Sunday, October 26, 2003

Day +73

WBC 10.9

First off, tomorrow (Monday) is Aaron Athy's 2nd birthday. He was leaving Minnesota at around the time we arrived back in July. We met him briefly and saw just how great he looked and we were shown just how good the process can go. It hasn't been the same road for us for sure, but he and his family (especially his Mom) have been so inspirational. They show that it can be done, that these kids do get a second chance and every step forward he makes is one we hope to follow. Congratulations Aaron!

Max is holding his own on the oscillator. He is still bloated and puffed up. His kidneys are working much better, but they are playing catch up now after a few days of gaining weight. His skin is still horribly rashed and even the clearer areas that weren't red and patchy have turned red. His arms and legs are all puffed up. The best word for it is . . . swollen. They were able to turn a few knobs down today and his x-rays have been looking good too.

Last night we had such a nice dinner together and we are grateful for that and for Auntie Bethie coming in so we could be together. At this time, even being 5 minutes away feels too far. It's hard to know how to feel. When the priest left yesterday, he said to Margaret "he looks like he needs to be relieved." And that's accurate. We're hoping that the medicine, machinery, and love that he's getting now offer that relief and that he can stay strong and come all the way back to us. But it's hard to look at him and feel he's getting better. He looks like someone who's being kept alive. And that's exactly what he is. But also, when I put his creams on today to try to help his skin, his arm came up, his little hand rose up, and there wasn't any shaking from seizures, it was just a little wave. I know that he was telling me that he hasn't quit, and I told him that I'm not going to either. As I tell the doctors, I got my medical degree from Dad University, but it still counts. I can't prescribe medicine, but there is one thing I can do for my son and that's not give up.

There was an old door on the floor of our unfinished basement growing up. One day I told my school friends about it and we all wondered if it led to a secret staircase or something.
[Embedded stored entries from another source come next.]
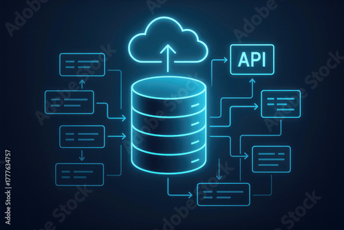 Cloud Computing Database Network with API and Data Flow Diagrams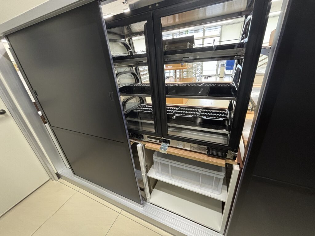 さらに!! バックヤード側から直接揚げたての商品を陳列できるんです!!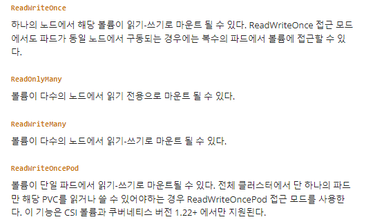 - RWO : Read Write Once- RWX : Read Wirte Many- ROX : Read Only Many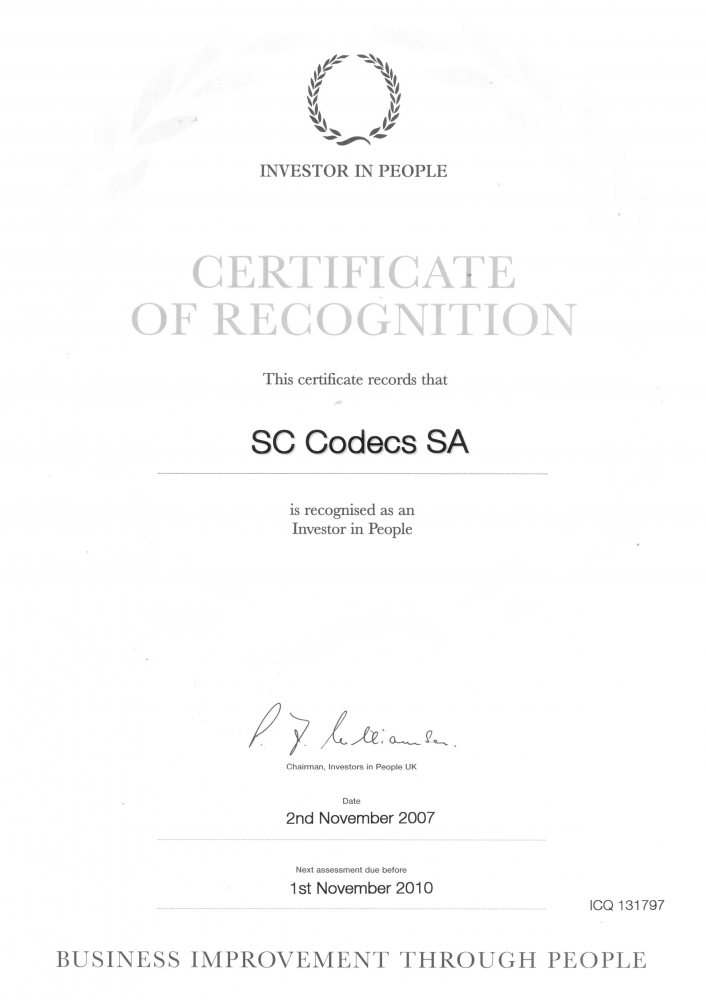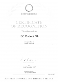 CODECS a fost acreditata "Investor in People" in luna noiembrie 2007, fiind una dintre primele companii din Romania cu aceasta certificare.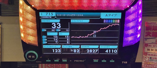 次の項から、当日収めた写真から[1000円/47枚]スロ・4パチの詳細を追っていく。

So we all sneaked down with flashlights and moved all the old boxes, tools, and chopped wood off of it, and then with all our might opened the door. And you know what was under it? Nothing. It was the same dirt floor and all the kids laughed at me and I felt stupid. But there was a moment, a split second, where we all believed that we had discovered something amazing. But it was nothing. Just once I hope that happens with Max. I hope that we have hit bottom. I hope that with every x-ray it's just a door, not another staircase down. I hope that one day it's just going to be fear and nothing else. I hope that one day when the doctors look inside, it's just a kid, just a regular kid.

Thanks for checking in on Max, for rooting for Max and for us, and for not giving up.